- _Exercise_: Output must consist only of the lines of the material below from the one with "in stockThis toddler" through the one with "Vitrína na stěnu", each reproduced exactly; no pictures belong in it.

- _Supplied data_:

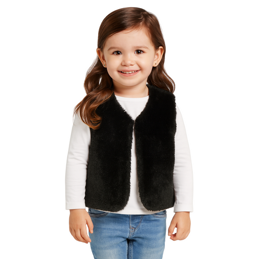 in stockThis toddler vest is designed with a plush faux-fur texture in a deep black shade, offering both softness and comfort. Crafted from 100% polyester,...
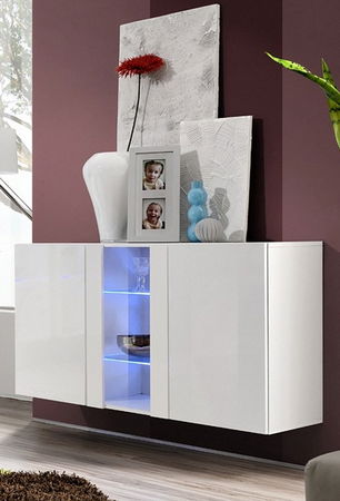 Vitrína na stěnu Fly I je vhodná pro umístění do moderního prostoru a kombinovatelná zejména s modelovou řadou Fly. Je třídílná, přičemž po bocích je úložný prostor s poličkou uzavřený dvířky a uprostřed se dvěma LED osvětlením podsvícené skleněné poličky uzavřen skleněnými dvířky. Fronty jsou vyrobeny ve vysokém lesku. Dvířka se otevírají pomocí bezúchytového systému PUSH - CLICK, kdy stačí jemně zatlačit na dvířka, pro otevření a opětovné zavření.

---

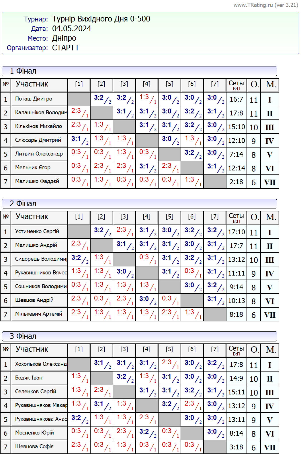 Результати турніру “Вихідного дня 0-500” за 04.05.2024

- _Solution to the exercise_:
 in stockThis toddler vest is designed with a plush faux-fur texture in a deep black shade, offering both softness and comfort. Crafted from 100% polyester,...
 Vitrína na stěnu Fly I je vhodná pro umístění do moderního prostoru a kombinovatelná zejména s modelovou řadou Fly. Je třídílná, přičemž po bocích je úložný prostor s poličkou uzavřený dvířky a uprostřed se dvěma LED osvětlením podsvícené skleněné poličky uzavřen skleněnými dvířky. Fronty jsou vyrobeny ve vysokém lesku. Dvířka se otevírají pomocí bezúchytového systému PUSH - CLICK, kdy stačí jemně zatlačit na dvířka, pro otevření a opětovné zavření.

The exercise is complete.